◆ **INFORMATION PROVIDED**

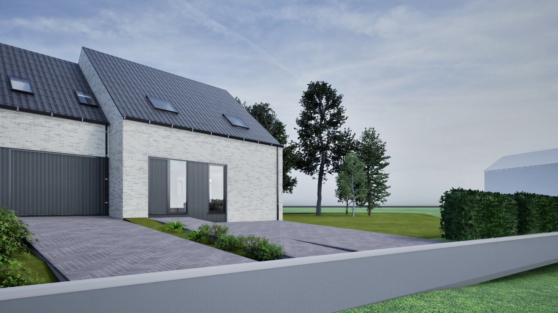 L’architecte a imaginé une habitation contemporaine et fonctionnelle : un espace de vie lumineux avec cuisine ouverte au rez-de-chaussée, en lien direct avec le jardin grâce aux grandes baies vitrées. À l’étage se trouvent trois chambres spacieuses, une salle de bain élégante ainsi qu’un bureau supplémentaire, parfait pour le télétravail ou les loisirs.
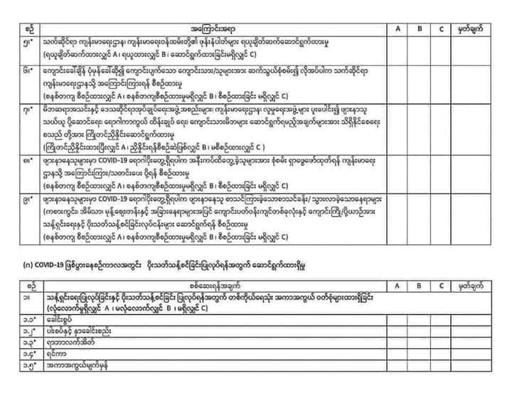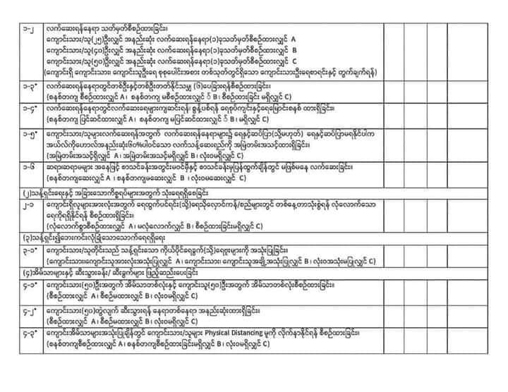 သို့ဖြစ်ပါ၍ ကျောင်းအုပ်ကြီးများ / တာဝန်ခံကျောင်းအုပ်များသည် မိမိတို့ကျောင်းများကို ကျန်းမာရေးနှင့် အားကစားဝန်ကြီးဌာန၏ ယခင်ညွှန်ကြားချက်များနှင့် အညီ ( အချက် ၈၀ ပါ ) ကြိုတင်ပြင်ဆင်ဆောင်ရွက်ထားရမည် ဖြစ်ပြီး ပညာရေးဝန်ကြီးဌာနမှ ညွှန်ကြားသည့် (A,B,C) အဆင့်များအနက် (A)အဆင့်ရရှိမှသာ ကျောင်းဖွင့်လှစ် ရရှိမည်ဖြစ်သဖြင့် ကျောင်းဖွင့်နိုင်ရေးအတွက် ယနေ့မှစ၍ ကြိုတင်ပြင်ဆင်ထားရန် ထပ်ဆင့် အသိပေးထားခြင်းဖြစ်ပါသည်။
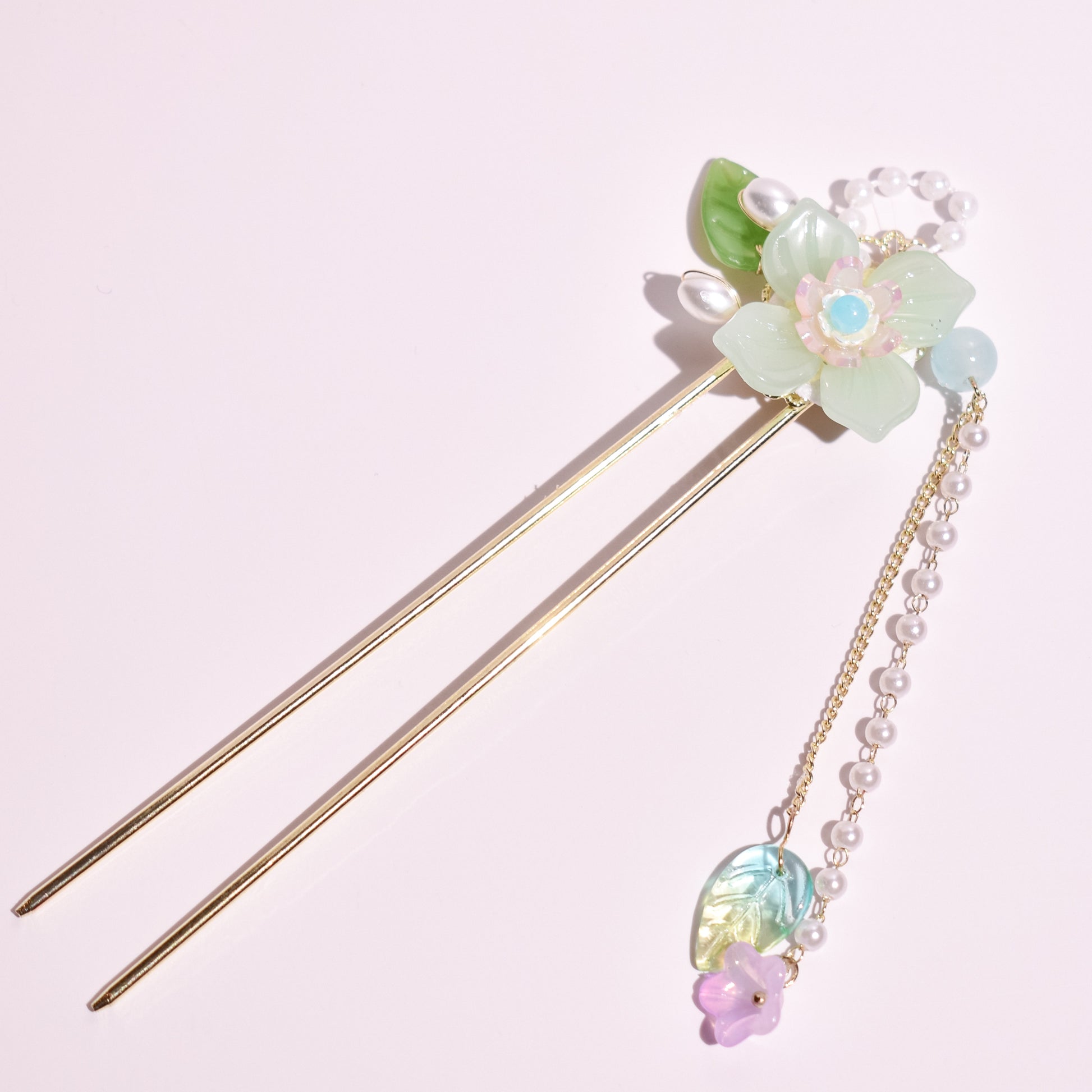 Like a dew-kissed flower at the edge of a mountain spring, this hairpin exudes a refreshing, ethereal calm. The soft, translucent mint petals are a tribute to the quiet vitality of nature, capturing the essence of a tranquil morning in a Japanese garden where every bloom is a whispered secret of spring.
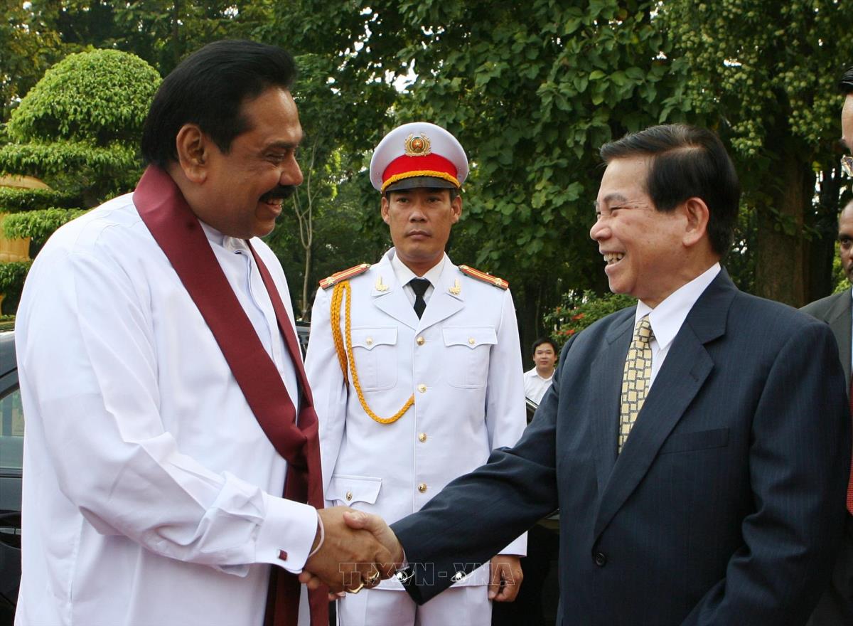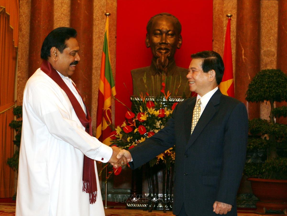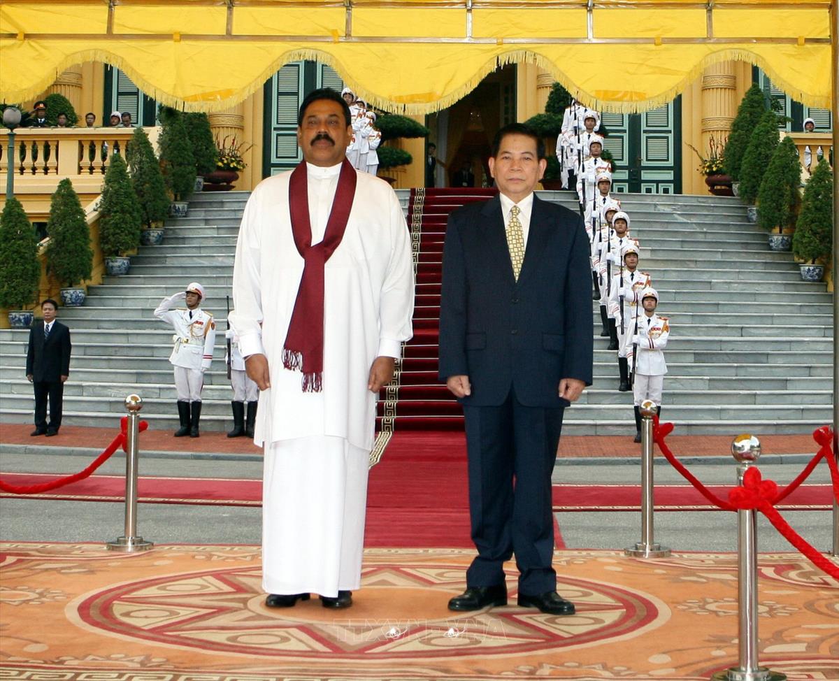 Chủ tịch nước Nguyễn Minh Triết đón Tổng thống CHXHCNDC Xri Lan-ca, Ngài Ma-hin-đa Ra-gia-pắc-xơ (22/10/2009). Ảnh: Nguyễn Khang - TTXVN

◆ **TASK OBJECTIVE**
The response must restate each line of the material above exactly and contain no images.

◆ **RESULT**
 L’architecte a imaginé une habitation contemporaine et fonctionnelle : un espace de vie lumineux avec cuisine ouverte au rez-de-chaussée, en lien direct avec le jardin grâce aux grandes baies vitrées. À l’étage se trouvent trois chambres spacieuses, une salle de bain élégante ainsi qu’un bureau supplémentaire, parfait pour le télétravail ou les loisirs.
 သို့ဖြစ်ပါ၍ ကျောင်းအုပ်ကြီးများ / တာဝန်ခံကျောင်းအုပ်များသည် မိမိတို့ကျောင်းများကို ကျန်းမာရေးနှင့် အားကစားဝန်ကြီးဌာန၏ ယခင်ညွှန်ကြားချက်များနှင့် အညီ ( အချက် ၈၀ ပါ ) ကြိုတင်ပြင်ဆင်ဆောင်ရွက်ထားရမည် ဖြစ်ပြီး ပညာရေးဝန်ကြီးဌာနမှ ညွှန်ကြားသည့် (A,B,C) အဆင့်များအနက် (A)အဆင့်ရရှိမှသာ ကျောင်းဖွင့်လှစ် ရရှိမည်ဖြစ်သဖြင့် ကျောင်းဖွင့်နိုင်ရေးအတွက် ယနေ့မှစ၍ ကြိုတင်ပြင်ဆင်ထားရန် ထပ်ဆင့် အသိပေးထားခြင်းဖြစ်ပါသည်။
 Like a dew-kissed flower at the edge of a mountain spring, this hairpin exudes a refreshing, ethereal calm. The soft, translucent mint petals are a tribute to the quiet vitality of nature, capturing the essence of a tranquil morning in a Japanese garden where every bloom is a whispered secret of spring.
 Chủ tịch nước Nguyễn Minh Triết đón Tổng thống CHXHCNDC Xri Lan-ca, Ngài Ma-hin-đa Ra-gia-pắc-xơ (22/10/2009). Ảnh: Nguyễn Khang - TTXVN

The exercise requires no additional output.